Almost all pedometers are quite reliable, even the inexpensive models, so purchasing one doesn?t have to break the bank. If you want to spend a little more, some models also estimate the number of calories you burn.

Unfortunately, the calorie burn information won't be especially accurate, since there are so many factors involved that the gizmo can't account for. Still, for a rough idea of what you're burning, a pedometer can be a useful and motivating tool.

A pedometer keeps track of the number of steps and distance to within 1% of the actual. It easily clips on a belt or waistband to count the steps taken during a day. Medical research has proven strenuous workouts are not necessary to control weight, cholesterol, or blood pressure. If structured workouts are not for you, then moderate exercise is the better route for you to go.

Studies found accumulating approximately 10,000 steps each day meets established public health guidelines for daily physical activity. Therefore, the goal when wearing a pedometer is to walk 10,000 per day on most days of the week and to constitute moderate physical. You get to keep the pedometer for 3 weeks, along with a diary to track your progress.

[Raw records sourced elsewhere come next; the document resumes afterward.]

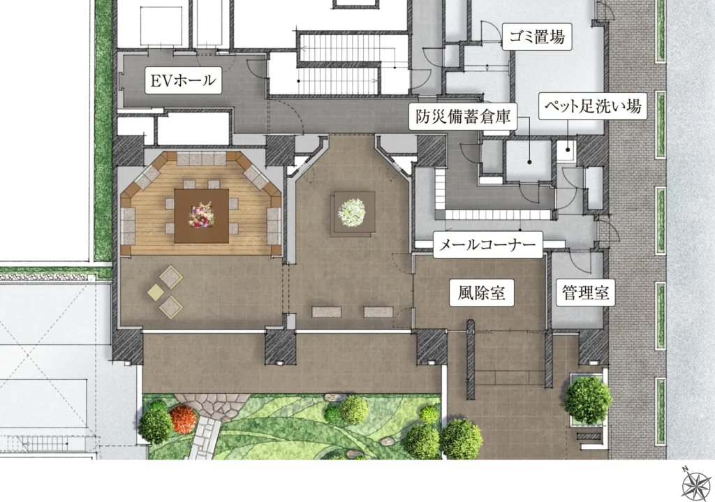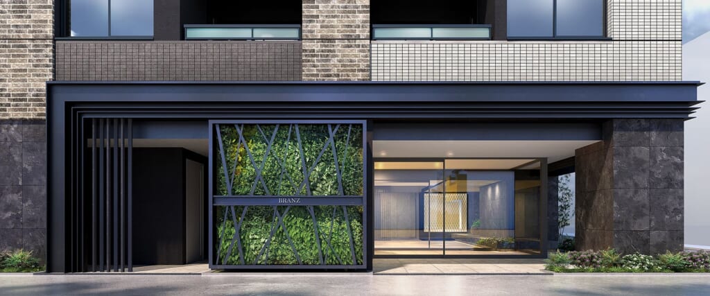 エントランスは不動前駅に一番近いところにあり、大通り沿いではないことからプライベート感ある佇まいを得られるレイアウトになっているのが高級感ありますね
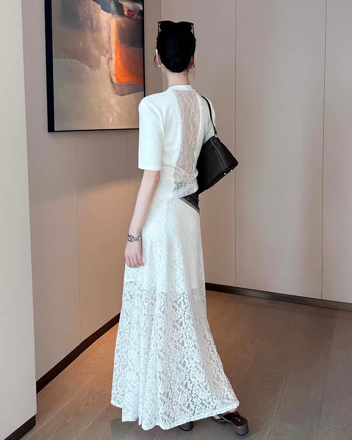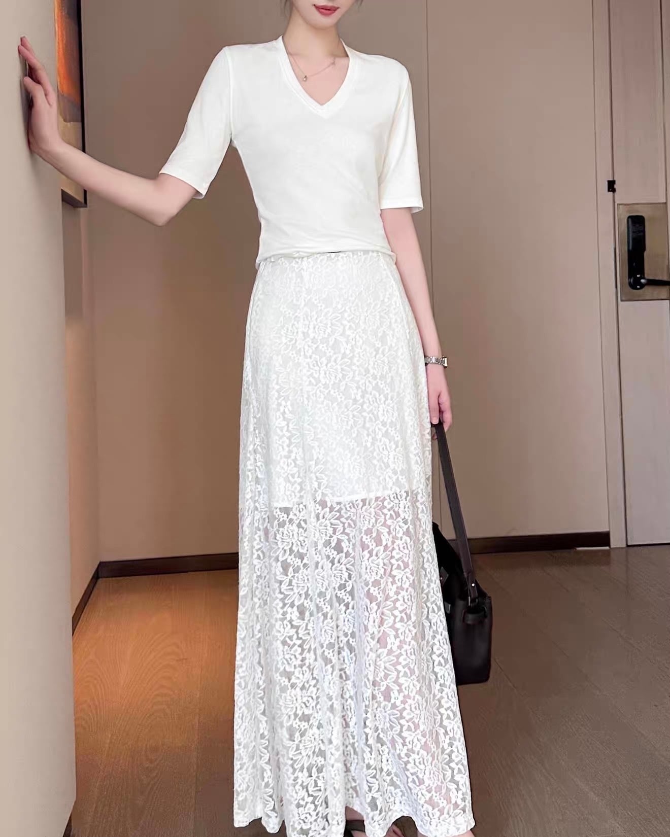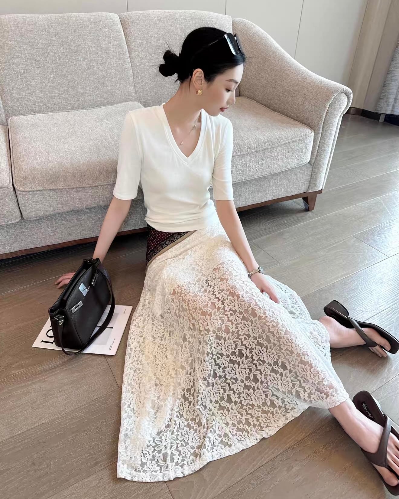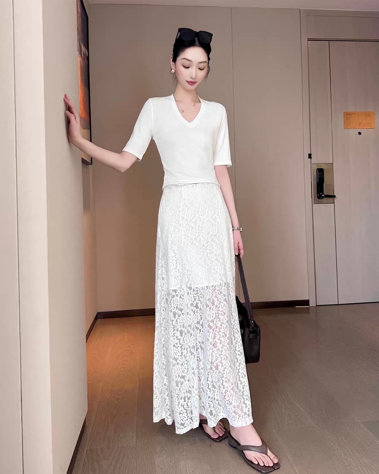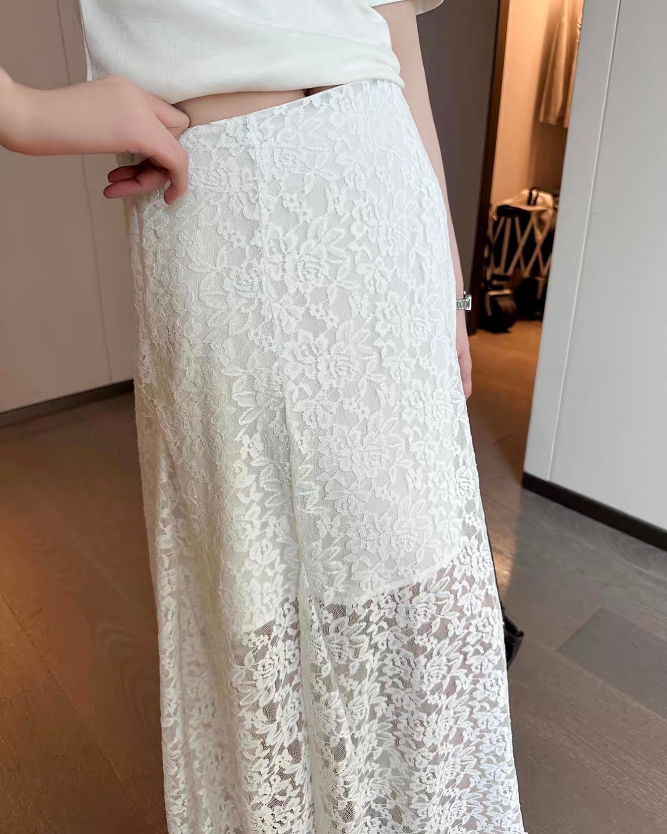 ひざ下から自然に透けるデザインで、軽さと抜け感が出る一枚です。
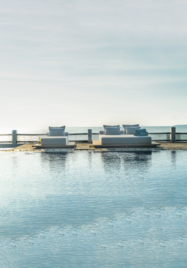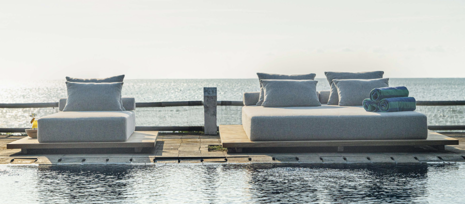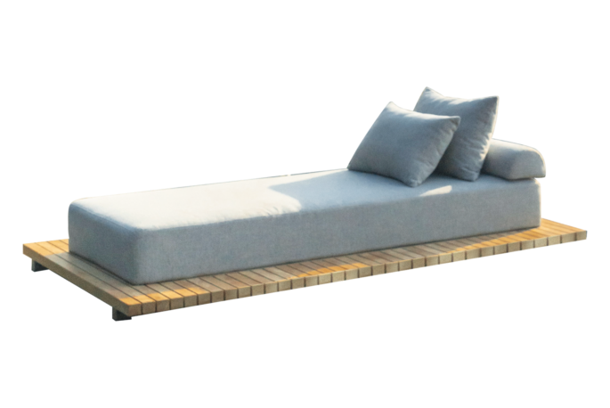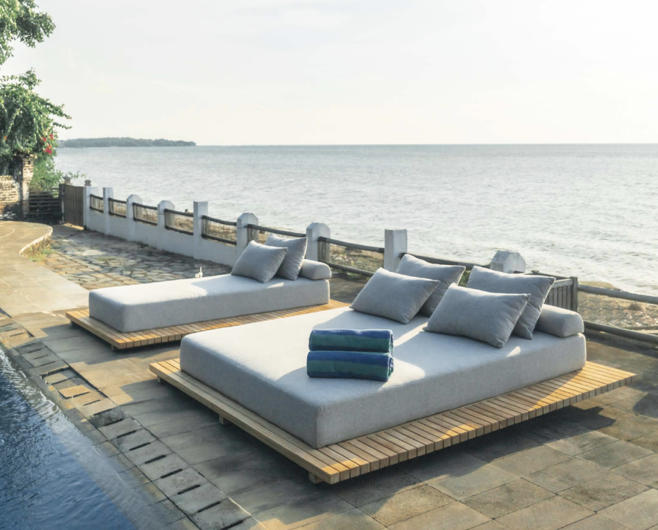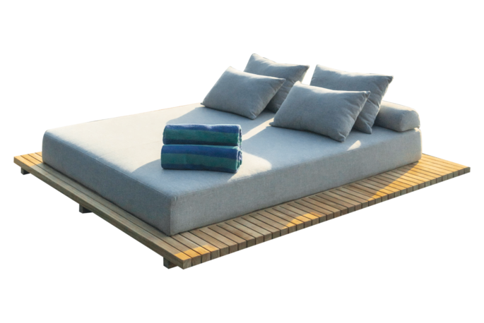 De Air couch ligbedden zijn ontworpen met een modern teak frame zwevend op voet en sunproof kussens gemaakt van duurzaam quick dry foam
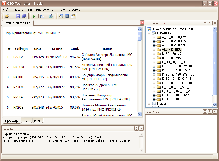 радиолюбителей на основании файлов-отчётов, представленных в формате ЕРМАК, Cabrillo (*.cbr),
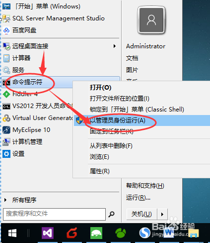 以办理员身份运行号令行东西,如下图所示:
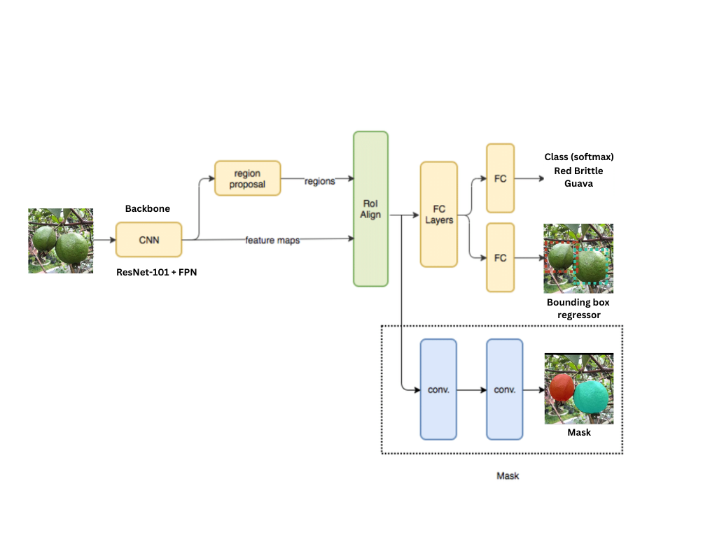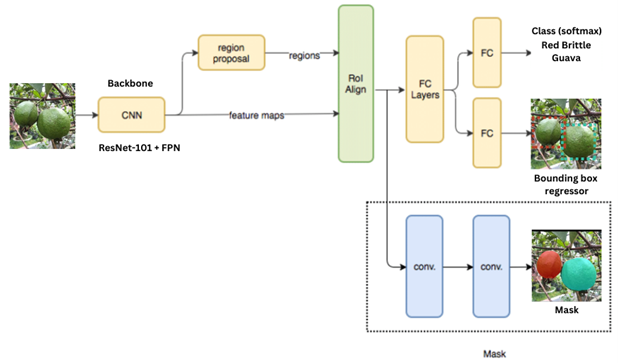 The general step of the proposed guava fruit classification and segmentation method is shown in Figure 1. Based on Figure 1, the proposed method uses the Mask R-CNN model to detect, classify and perform segmentation of guava fruit image. In the preprocessing step, the dataset which is guava fruit images are resized and normalized. The image is fed into a CNN model namely ResNet101 [24] as the backbone followed by FPN. This process produces feature maps to construct region proposals via Region Proposal Network (RPN). The ROI then aligned and branched to convolutional networks to produce the mask for segmentation and to fully connected layers to classify the image and construct the bounding box for detection. The outputs of this network are masks for segmentation, bounding box coordinates for detection, and fruit categories.

During the first week, you do not change your routine to see how many steps are averaged per day.

If the 10,000 steps per day are not reached, then the second week you begin to find ways to add steps to your day. By week three, you will be able to know what changes are needed to maintain a moderately physically active lifestyle. If you are trying to lose weight, it is recommended to walk between 12,000-14,000 steps per day for significant results.